• **What needs to be done**:
The goal here is an exact copy of the entries below, without their pictures.

··· Dataset

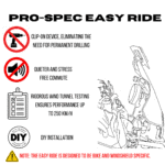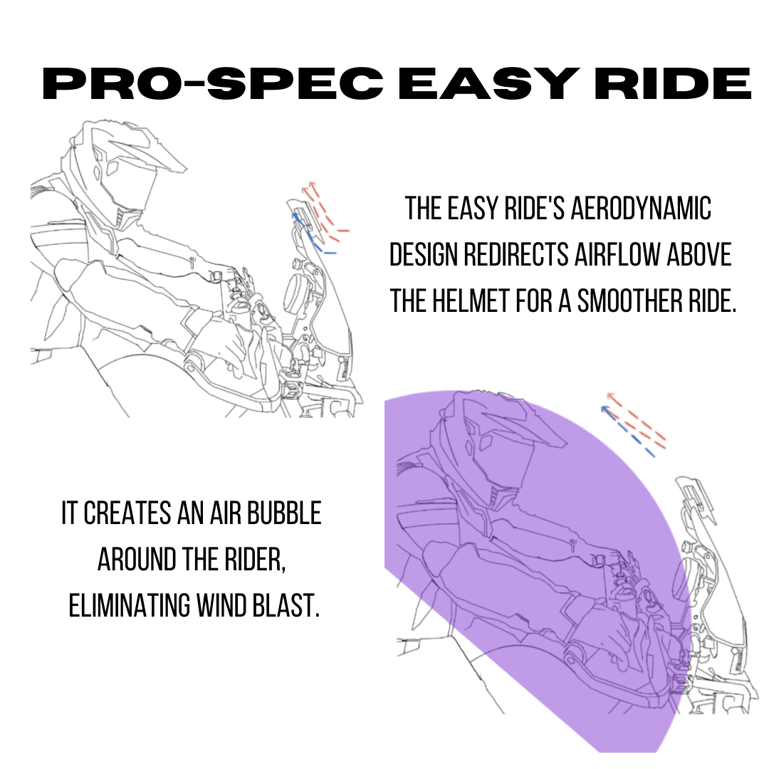 The Easy Ride by Pro-Spec is a windshield extender designed to make highway rides more comfortable. Each Easy Ride is wind tunnel tested for performance up to 250 km/h and field-tested across rugged terrains. It remains stable and reliable even at speeds over 225 km/h, giving riders confidence and comfort in all riding conditions.
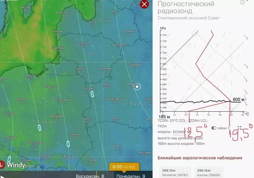 На дыяграме — прагноз да заўтрашняй раніцы. Атрымліваецца, што каля паверхні (185 м, вышыня Смілавіч над узроўнем мора) прагназаваная тэмпература будзе +12.5°, а на вышыні 600 м — + 19.5°. Такім чынам, таўшчыня інверсійнага пласта складзе ~400 м, а глыбіня інверсіі атрымліваецца аж 7°.
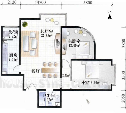 1、次臥面積反而比主臥面積大,且主臥朝北沒有日照,體現(xiàn)不出應(yīng)有的規(guī)格。
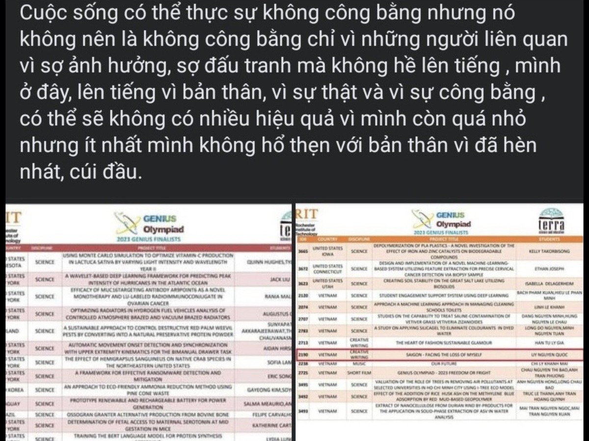 Ngày 6/7, tài khoản Facebook có tên M.C (cựu học sinh Trường THCS Lê Văn Tám, quận Bình Thạnh, TP.HCM), chia sẻ, tham gia cuộc thi Genius Olympiad 2023 diễn ra tại Mỹ, ngoài đề án âm nhạc, M.C còn có đề án viết.
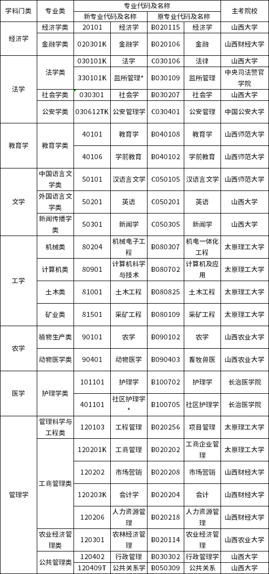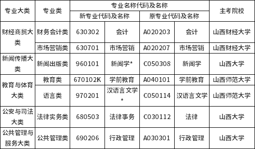 此次,專業名稱及代碼的調整原則上按教職成廳[2018] 1號文件中《高等教育自學考試新舊專業對照表》進行,山西省高等教育自學考試新舊專業名稱及代碼調整對照表見附件。

······

• **Result for this exercise**:
 The Easy Ride by Pro-Spec is a windshield extender designed to make highway rides more comfortable. Each Easy Ride is wind tunnel tested for performance up to 250 km/h and field-tested across rugged terrains. It remains stable and reliable even at speeds over 225 km/h, giving riders confidence and comfort in all riding conditions.
 На дыяграме — прагноз да заўтрашняй раніцы. Атрымліваецца, што каля паверхні (185 м, вышыня Смілавіч над узроўнем мора) прагназаваная тэмпература будзе +12.5°, а на вышыні 600 м — + 19.5°. Такім чынам, таўшчыня інверсійнага пласта складзе ~400 м, а глыбіня інверсіі атрымліваецца аж 7°.
 1、次臥面積反而比主臥面積大,且主臥朝北沒有日照,體現(xiàn)不出應(yīng)有的規(guī)格。
 Ngày 6/7, tài khoản Facebook có tên M.C (cựu học sinh Trường THCS Lê Văn Tám, quận Bình Thạnh, TP.HCM), chia sẻ, tham gia cuộc thi Genius Olympiad 2023 diễn ra tại Mỹ, ngoài đề án âm nhạc, M.C còn có đề án viết.
 此次,專業名稱及代碼的調整原則上按教職成廳[2018] 1號文件中《高等教育自學考試新舊專業對照表》進行,山西省高等教育自學考試新舊專業名稱及代碼調整對照表見附件。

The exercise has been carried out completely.